● **Data shown**:
################

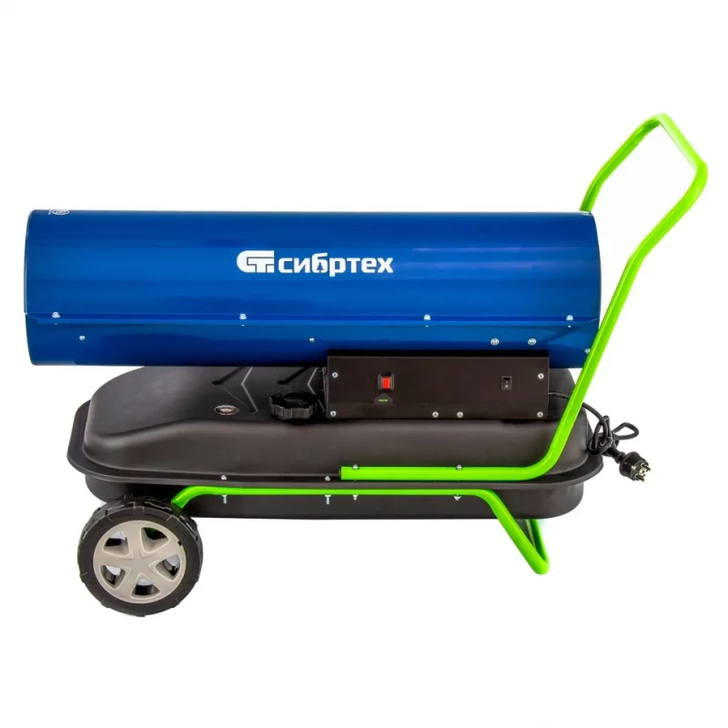 Самая мощная 50 кВт в своей линейке дизельная тепловая пушка Сибртех СТД-50 легко обогреет нежилое помещение с объемом воздуха до 1600 м3. Также с ее помощью можно ускорить и облегчить строительные работы в холодную погоду, т. к. она подходит для просушивания стен, подогрева бетона и разморозки траншей. Пушка быстро и эффективно справляется с обогревом помещений благодаря мощному потоку воздуха 1100 м3. Увеличенный бак объемом 38 л и экономичный расход топлива 4,2 л/ч обеспечивают работу в течение 9 часов без дозаправки.
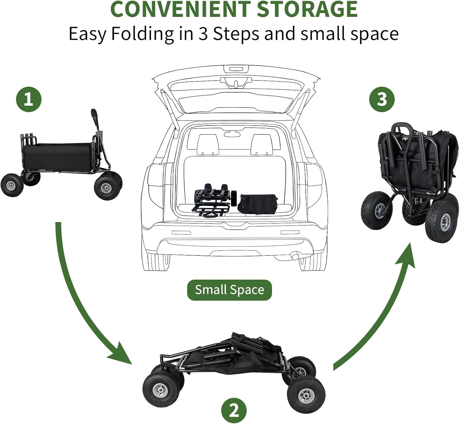 - Enlarged Wheels:The collapsible wagon is fitted with 11-inch solid wheels and bearings. It’s not only has strong resilience,wear-Resistant but also more flexible and roll smoother.11”Wheels rolling with less noise and suitable for all Terrains
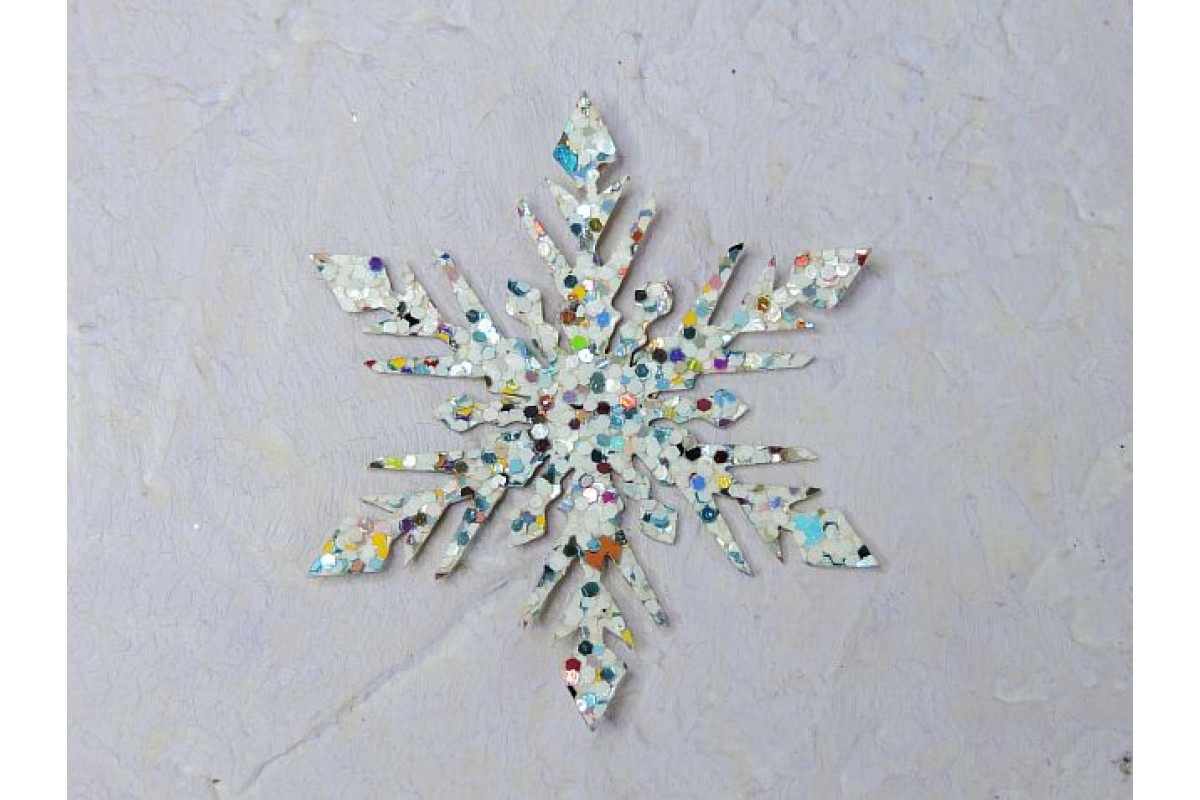 10031, Заготовка-патч из кожзама "Снежинка с острыми кончиками", цв. белый с цветными блестками - 1 шт., , 0.42BYN, 50*555, Беларусь, Заготовки из фоамирана и кожзама
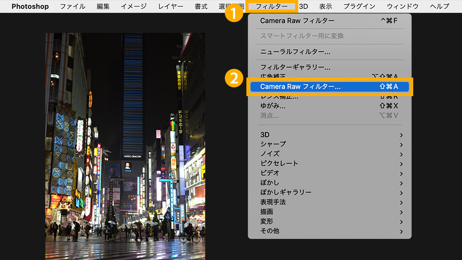 スマートオブジェクトを選択した状態で「フィルター」①>「Camera Rawフィルター」②を選択します。
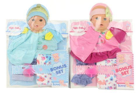 Oblačila za punčko velikosti približno 40 cm. Paket vključuje tudi plenico in dudo. Starost 3+
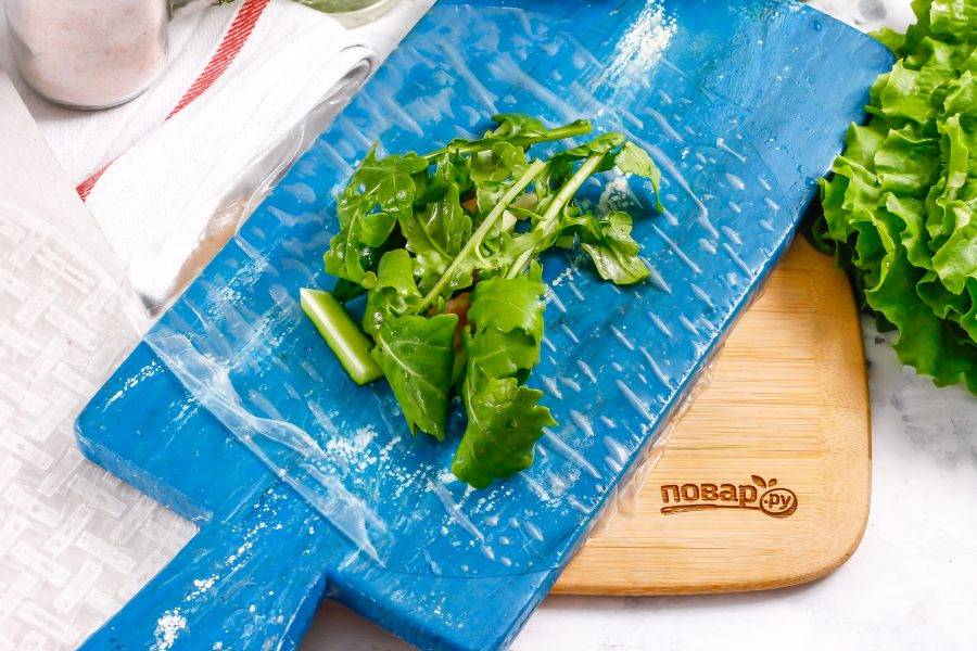 Нарежьте несколько слайсов перца чили, но без семян. Выложите на креветки вместе с рукколой.
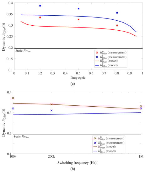 GaN-HEMT dynamic value of different operation conditions: (a) different duty cycles ( kHz) and (b) different switching frequencies (D = 50%).
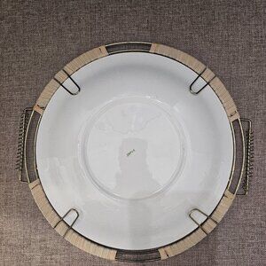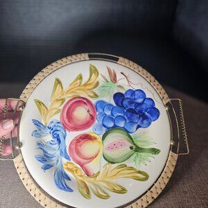 Vintage 1960s Souritsu Akechi Japan hand painted serving plate the plate a creation of Souritsu Akechi, Japan stands out not only for its Japanese craftsmanship, but also for its striking hand painted design. At its center an embossed fruit and greenery motif comes to life in vibrant eye catching colors. This artful motif adds a touch of retro elegance to any setting, making it an ideal decorative and functional piece. What sets this unique piece apart is the accompanying gold metal holder with gold spring handles crafted in a mid century style. This holder transforms the beautiful plate into a practical serving piece for an added touch of kitschy charm, decoration cream colored texture plastic wrapped covers each quarter of the metal holder enhancing its unique appeal. This vintage treasure is in remarkable condition for its age, free of any chips, cracks or rusting. Marked on the back Japan. Some very very mild crazing on the plate. The plate when it is in its holder measures 12.25 inches in width handle to handle. Plate alone measures 10.25 inches by 1.25 inches high. Non smoking pet free home.
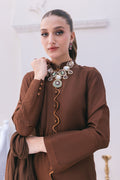 The "Sepia" design is a sophisticated and elegant ensemble. The sherwani-style kurta features straight sleeves, a sherwani collar, and a wavy cutwork placket with stitch lines in the sleeve cuffs. It has a slit with buttons and is solid chocolate brown with caramel embroidery/outline on the wavy placket and caramel stitch lines on the sleeve, adding a touch of style. The pant is culottes in chocolate brown with a wavy cutwork hem with caramel outline, made from raw silk. The dupatta is chocolate brown, made from medium silk, with stitch lines on the top and bottom in caramel, completing the ensemble with a refined and graceful finish.
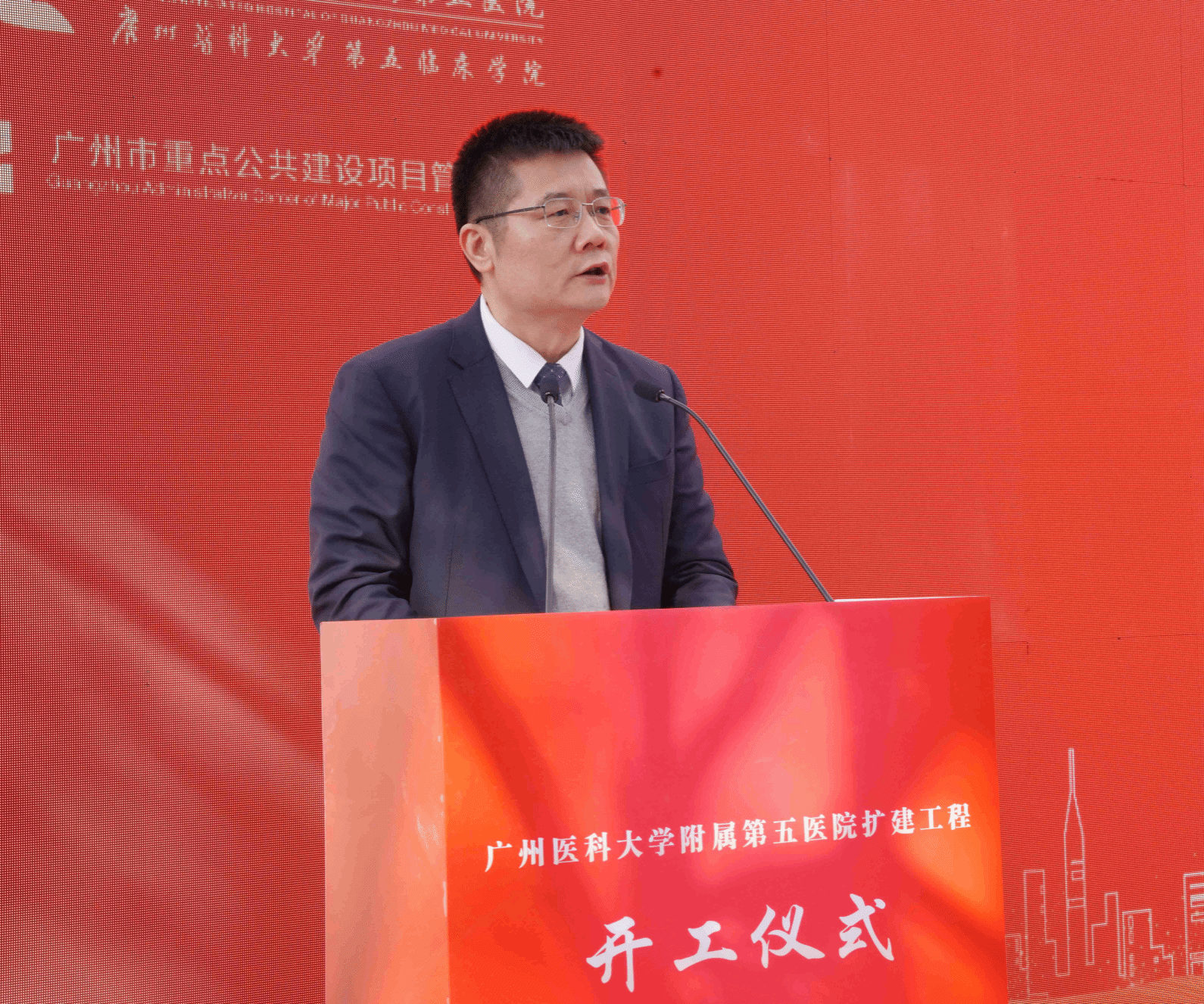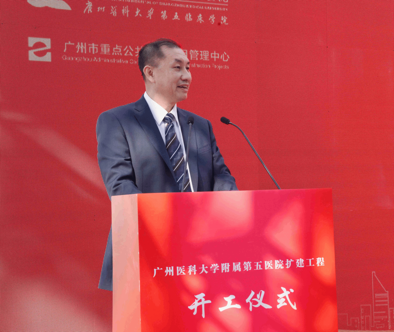 黄埔区委副书记邓奕中在致辞中表示,广医五院扩建工程开工是对广州开发区建区40周年的献礼。广医五院扎根黄埔区67年,是黄埔区百姓身边的“医靠”。在突发公共卫生事件中,医院为守护黄埔区人民生命健康构筑起坚固防线。在黄埔区大型活动中,医院提供全方位的医疗保障服务,有力提升了黄埔区在大型活动承办方面的综合保障能力。
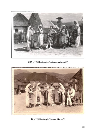 V.15 – “Călimăneşti. Costume naţionale”. 16 – “Călimăneşti. Vedere din sat”. 89
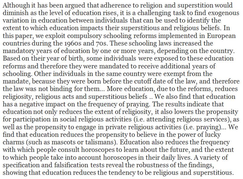 An increase in formal education diminishes religious and superstitious beliefs. http://www.sciencedirect.com/science/article/pii/S016726811730183X …pic.twitter.com/Pl7nzEvscO
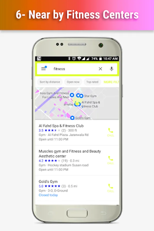 It this section you can find nearby Fitness centers, Gym and Health centers. You'll also get the directions to the Fitness center, gym or health center.
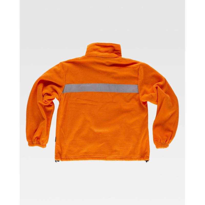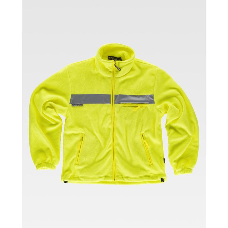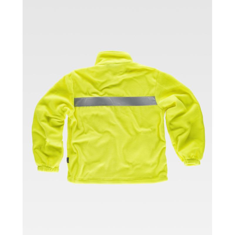 Chaqueta polar de alta visibilidad con cintas reflectantes. Cuello alto y cierre de cremallera de nylon. Un bolso de pecho y dos bolsos laterales interiores con cremalleras de nylon. Una cinta reflectante en pecho y espalda. Puño con elástico. Cordón elástico con pieza ajustable en bajo. 100% Poliéster
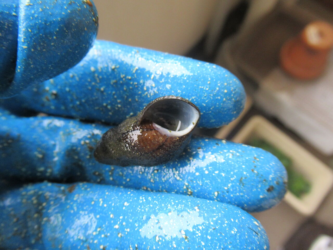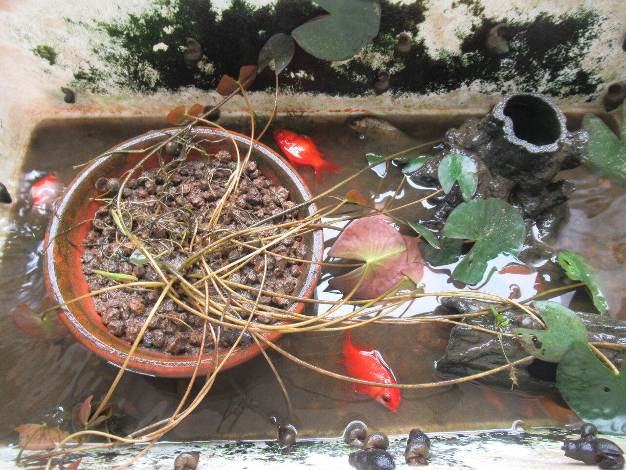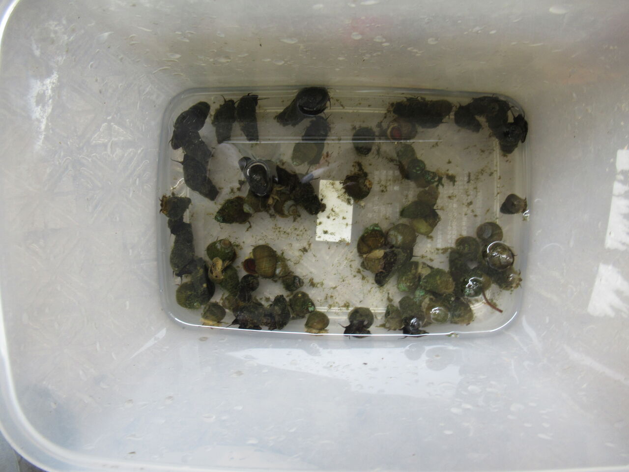 こちらはカワニナとタニシです。水質が悪いのでかなり個体数が減少しています。カワニナは別の容器に入れることにしました。
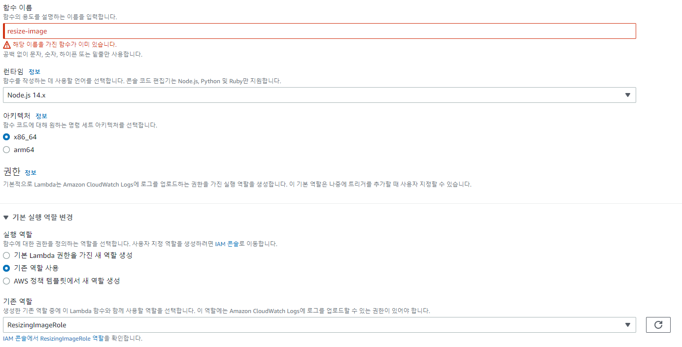 5. 런타임 "Node.js 14.x" 선택
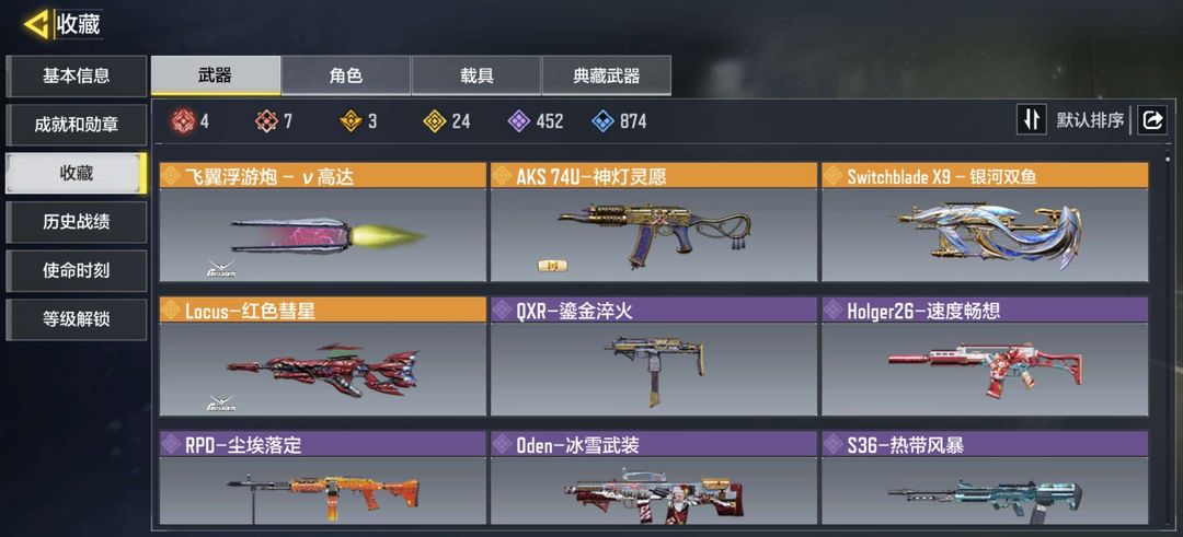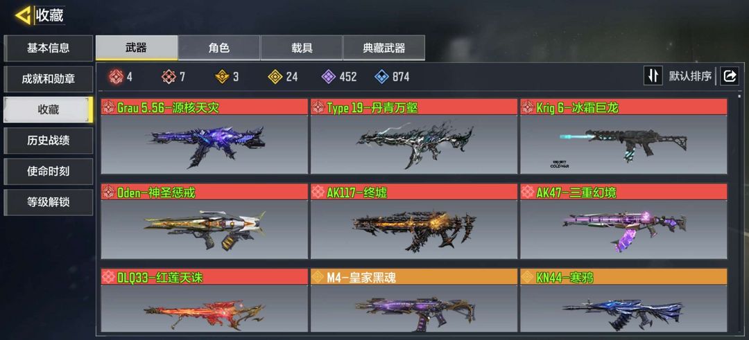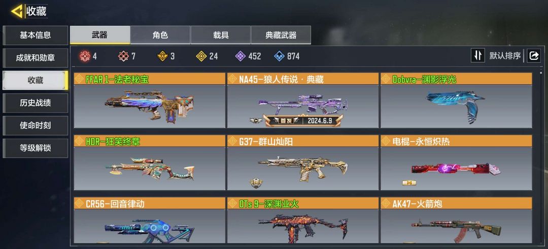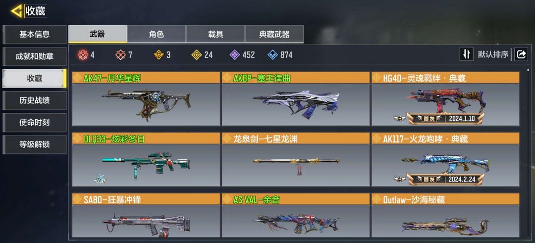 7神话武器4满级,1满级神话角色,24传说武器
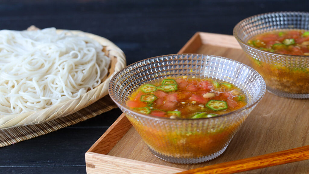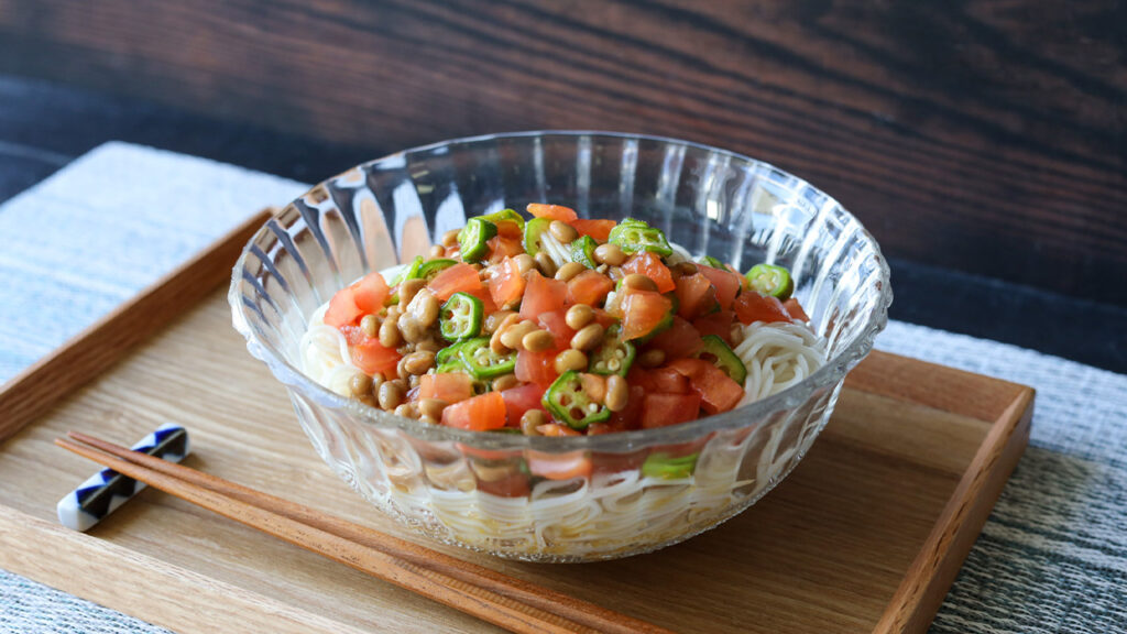 - サジージュースを加えてさっぱり、めんつゆに爽やかな風味が加わり、食欲がない夏に最適な栄養満点のねばねばそうめんです。

################

● **Exercise goal**:
Your answer must be the full listing, copied exactly, with no pictures in it.

● **Solution**:
 Самая мощная 50 кВт в своей линейке дизельная тепловая пушка Сибртех СТД-50 легко обогреет нежилое помещение с объемом воздуха до 1600 м3. Также с ее помощью можно ускорить и облегчить строительные работы в холодную погоду, т. к. она подходит для просушивания стен, подогрева бетона и разморозки траншей. Пушка быстро и эффективно справляется с обогревом помещений благодаря мощному потоку воздуха 1100 м3. Увеличенный бак объемом 38 л и экономичный расход топлива 4,2 л/ч обеспечивают работу в течение 9 часов без дозаправки.
 - Enlarged Wheels:The collapsible wagon is fitted with 11-inch solid wheels and bearings. It’s not only has strong resilience,wear-Resistant but also more flexible and roll smoother.11”Wheels rolling with less noise and suitable for all Terrains
 10031, Заготовка-патч из кожзама "Снежинка с острыми кончиками", цв. белый с цветными блестками - 1 шт., , 0.42BYN, 50*555, Беларусь, Заготовки из фоамирана и кожзама
 スマートオブジェクトを選択した状態で「フィルター」①>「Camera Rawフィルター」②を選択します。
 Oblačila za punčko velikosti približno 40 cm. Paket vključuje tudi plenico in dudo. Starost 3+
 Нарежьте несколько слайсов перца чили, но без семян. Выложите на креветки вместе с рукколой.
 GaN-HEMT dynamic value of different operation conditions: (a) different duty cycles ( kHz) and (b) different switching frequencies (D = 50%).
 Vintage 1960s Souritsu Akechi Japan hand painted serving plate the plate a creation of Souritsu Akechi, Japan stands out not only for its Japanese craftsmanship, but also for its striking hand painted design. At its center an embossed fruit and greenery motif comes to life in vibrant eye catching colors. This artful motif adds a touch of retro elegance to any setting, making it an ideal decorative and functional piece. What sets this unique piece apart is the accompanying gold metal holder with gold spring handles crafted in a mid century style. This holder transforms the beautiful plate into a practical serving piece for an added touch of kitschy charm, decoration cream colored texture plastic wrapped covers each quarter of the metal holder enhancing its unique appeal. This vintage treasure is in remarkable condition for its age, free of any chips, cracks or rusting. Marked on the back Japan. Some very very mild crazing on the plate. The plate when it is in its holder measures 12.25 inches in width handle to handle. Plate alone measures 10.25 inches by 1.25 inches high. Non smoking pet free home.
 The "Sepia" design is a sophisticated and elegant ensemble. The sherwani-style kurta features straight sleeves, a sherwani collar, and a wavy cutwork placket with stitch lines in the sleeve cuffs. It has a slit with buttons and is solid chocolate brown with caramel embroidery/outline on the wavy placket and caramel stitch lines on the sleeve, adding a touch of style. The pant is culottes in chocolate brown with a wavy cutwork hem with caramel outline, made from raw silk. The dupatta is chocolate brown, made from medium silk, with stitch lines on the top and bottom in caramel, completing the ensemble with a refined and graceful finish.
 黄埔区委副书记邓奕中在致辞中表示,广医五院扩建工程开工是对广州开发区建区40周年的献礼。广医五院扎根黄埔区67年,是黄埔区百姓身边的“医靠”。在突发公共卫生事件中,医院为守护黄埔区人民生命健康构筑起坚固防线。在黄埔区大型活动中,医院提供全方位的医疗保障服务,有力提升了黄埔区在大型活动承办方面的综合保障能力。
 V.15 – “Călimăneşti. Costume naţionale”. 16 – “Călimăneşti. Vedere din sat”. 89
 An increase in formal education diminishes religious and superstitious beliefs. http://www.sciencedirect.com/science/article/pii/S016726811730183X …pic.twitter.com/Pl7nzEvscO
 It this section you can find nearby Fitness centers, Gym and Health centers. You'll also get the directions to the Fitness center, gym or health center.
 Chaqueta polar de alta visibilidad con cintas reflectantes. Cuello alto y cierre de cremallera de nylon. Un bolso de pecho y dos bolsos laterales interiores con cremalleras de nylon. Una cinta reflectante en pecho y espalda. Puño con elástico. Cordón elástico con pieza ajustable en bajo. 100% Poliéster
 こちらはカワニナとタニシです。水質が悪いのでかなり個体数が減少しています。カワニナは別の容器に入れることにしました。
 5. 런타임 "Node.js 14.x" 선택
 7神话武器4满级,1满级神话角色,24传说武器
 - サジージュースを加えてさっぱり、めんつゆに爽やかな風味が加わり、食欲がない夏に最適な栄養満点のねばねばそうめんです。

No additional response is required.